A whistle on any one of those plays could have meant an extra point or two for San Antonio, just as the benefit of the doubt later on could have meant an extra point or two for Los Angeles. Because they came earlier in the game, though, we don't tend to pay as much attention to them.

We think of crunch time differently, elevating those who execute during it and excoriating those who fall short. This is why you might've heard at least some grumbling today about Griffin, who was a monster through the first three quarters (28 points on 9-for-16 shooting, nine rebounds, four assists, three steals and a block) but struggled in the fourth (two points, 1-for-9 shooting, five rebounds, three assists, three costly turnovers), whether due to fatigue at having played tons of high-leverage two-way minutes, a hard fall on a late-third-quarter foul by Danny Green, or both.
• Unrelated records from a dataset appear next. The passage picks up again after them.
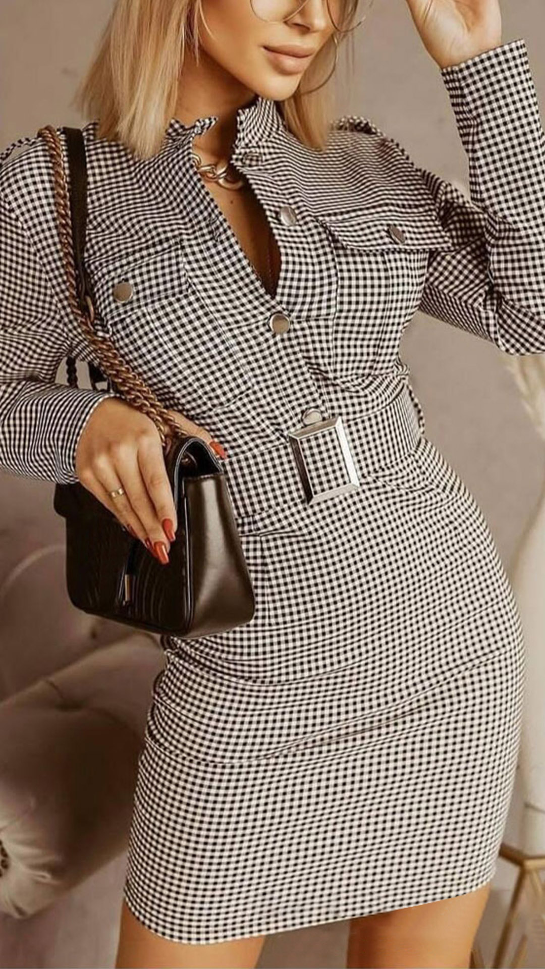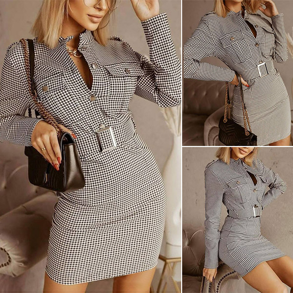 For these office ladies,this delicate yet stylish dress would easily strike your mind. The plaid element design makes it look so stylish and popular. Finished with long sleeve,stand collar,a fit silhouette and waistband design,this dress not only can showcase your slender figure,but also can exude your style and charm.
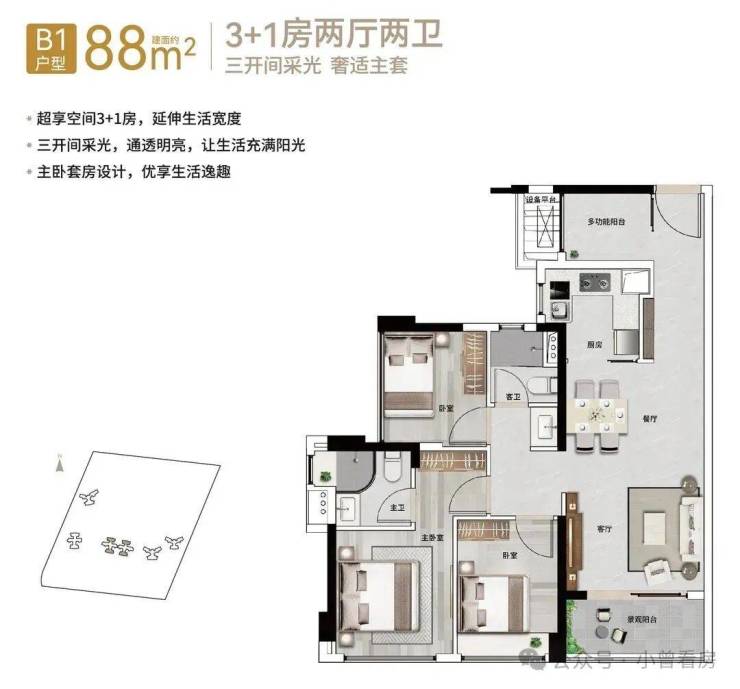 【88㎡3+1房2厅2卫】阔绰横厅格局,南北通透
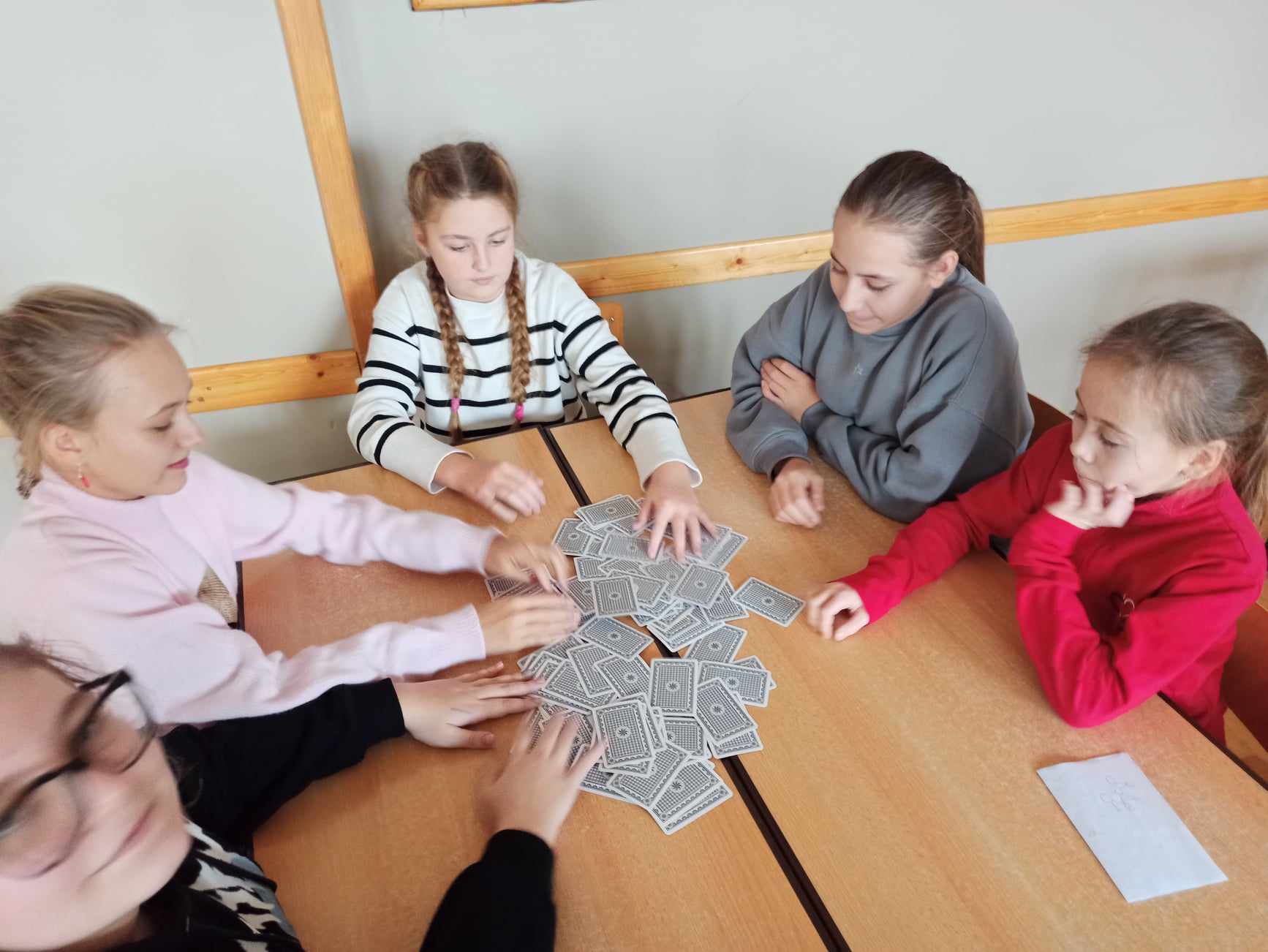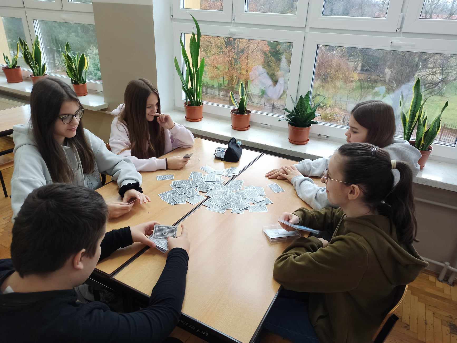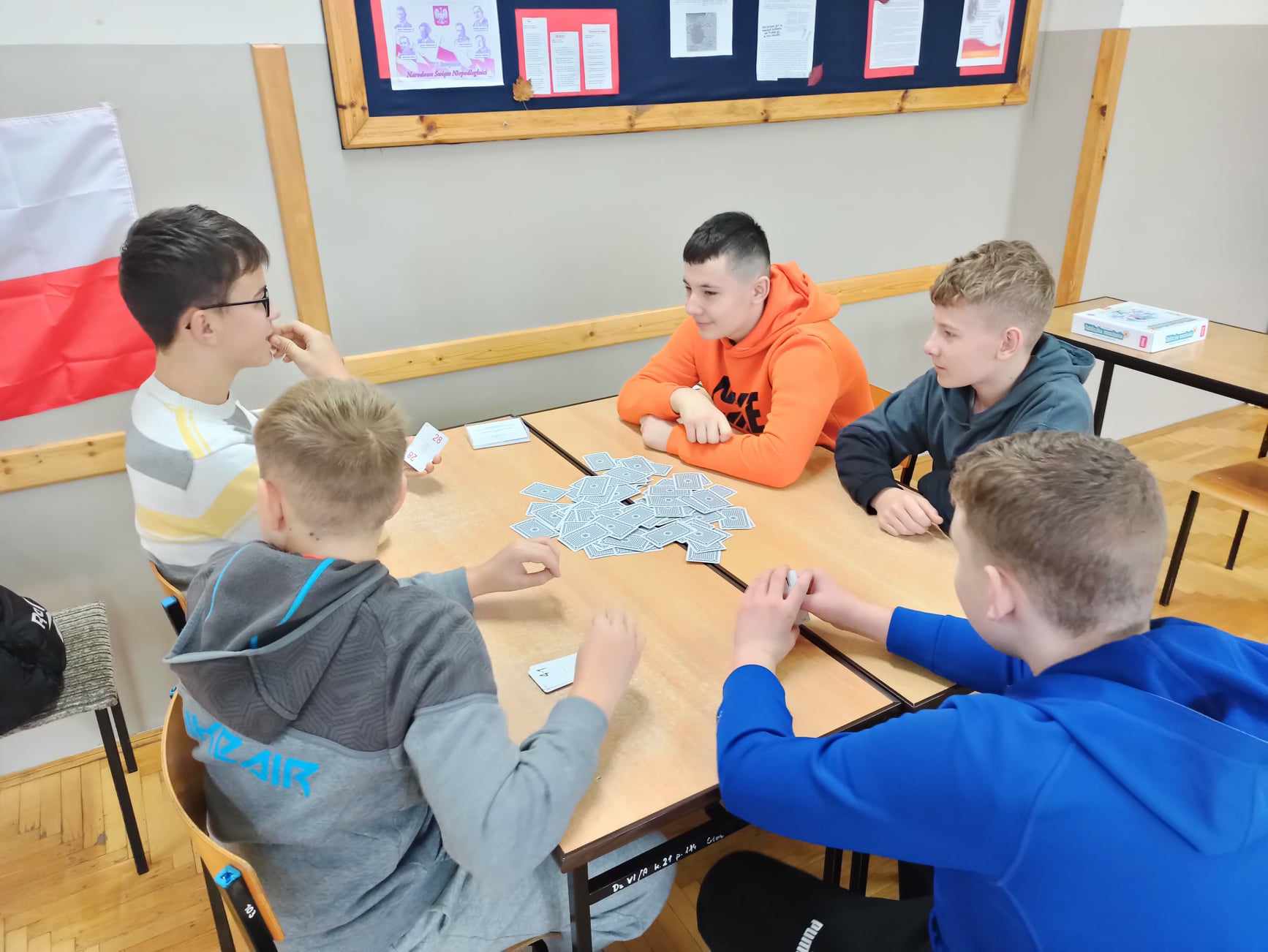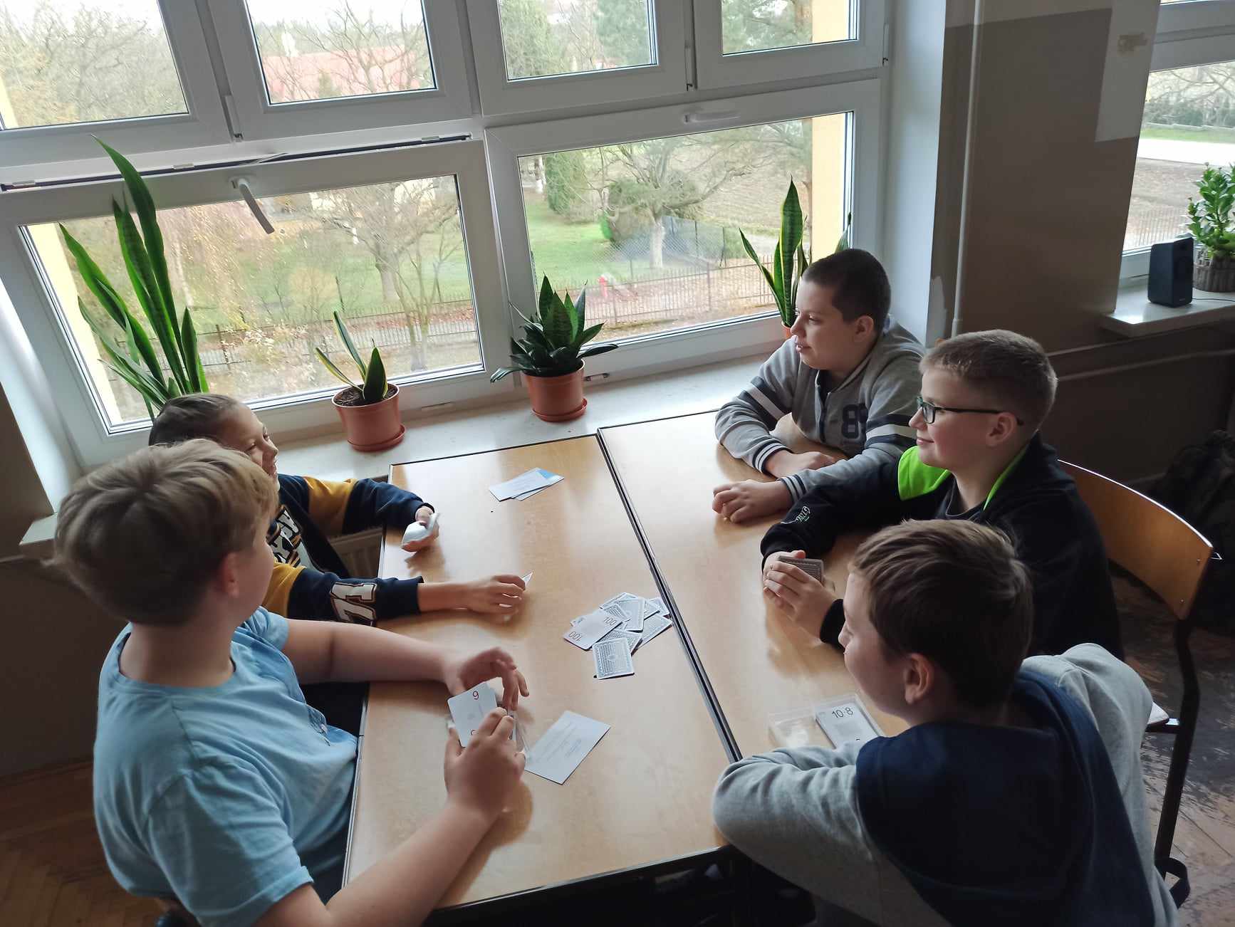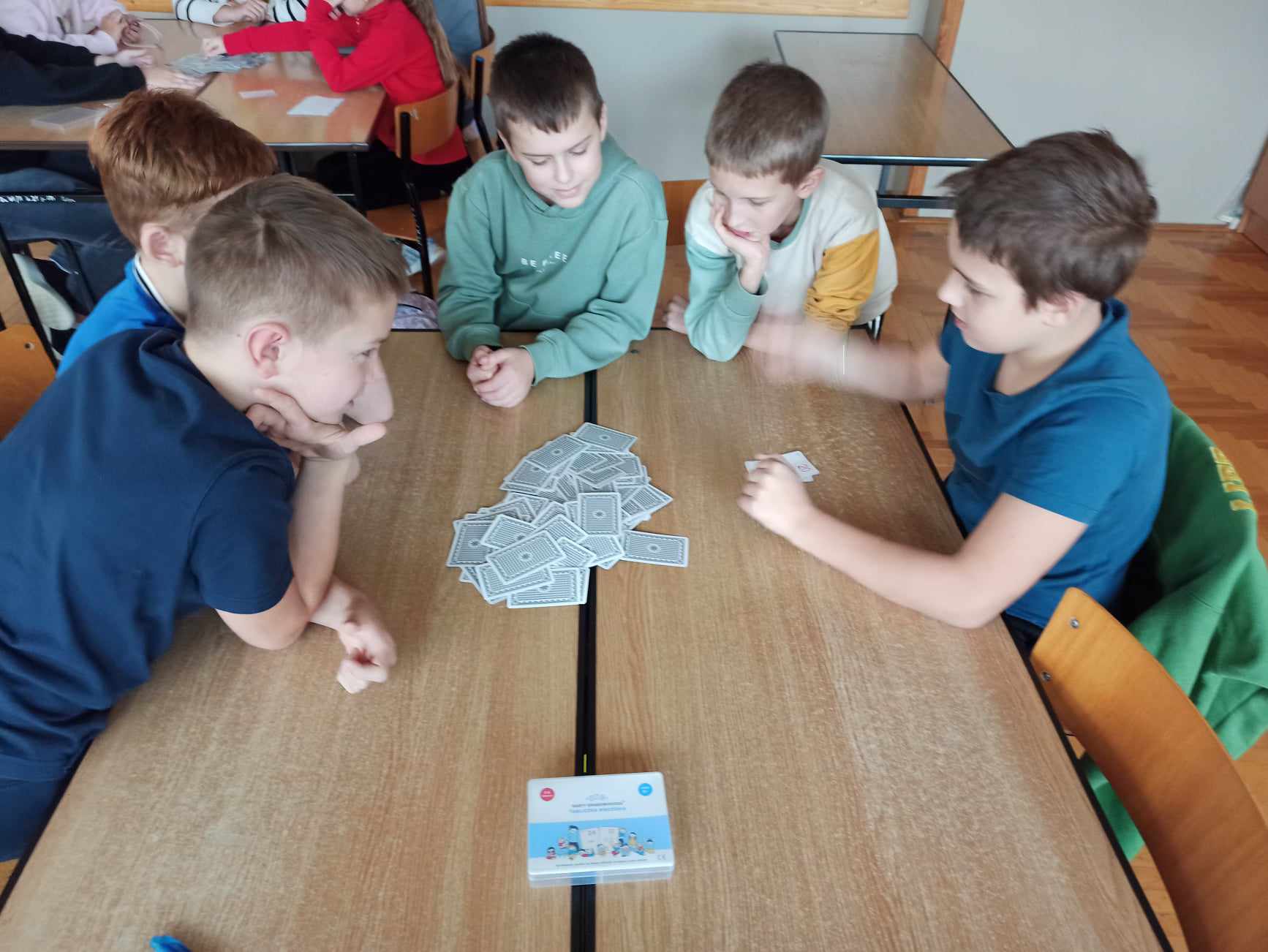 W tym dniu podczas lekcji matematyki, uczniowie klas V – VIII grali w grę CZARNA – CZERWONA Kartami Grabowskiego, a uczniowie klasy IV w grę planszową TABLICZKA MNOŻENIA, natomiast klasy I - III wypełniały dostosowane do swojego poziomu karty pracy np. znajdź cień sówki, wyjście z labiryntu itp. Nauczyli się również różnych sztuczek np. mnożenia metodą japońską oraz mnożenia na palcach przez 9.

Contested plays and questionable calls late in games seem to matter more than ones that happened earlier because there's less time to make up for or overcome them. (It's even harder when Duncan's standing in front of you in the paint.)

In the end, though, games of this magnitude are almost never about one thing, and I liked the way Andrew Lynch put it:

Certainly "too bad" for the Clippers and their fans, but this is also the nature of competition against elite opposition in the crucible of the playoffs. Every play matters, from the 24 missed "uncontested" field-goals to the 14 turnovers leading to 23 Spurs points to the 16 missed free throws to the blown goaltend to the 50/50 calls that don't go your way. It's can be frustrating, but it's the way things are. Rivers' job now is to get his team ready to mount a repeat performance of Game 4, and leave Gregg Popovich and company trying to work through their frustrations late Thursday.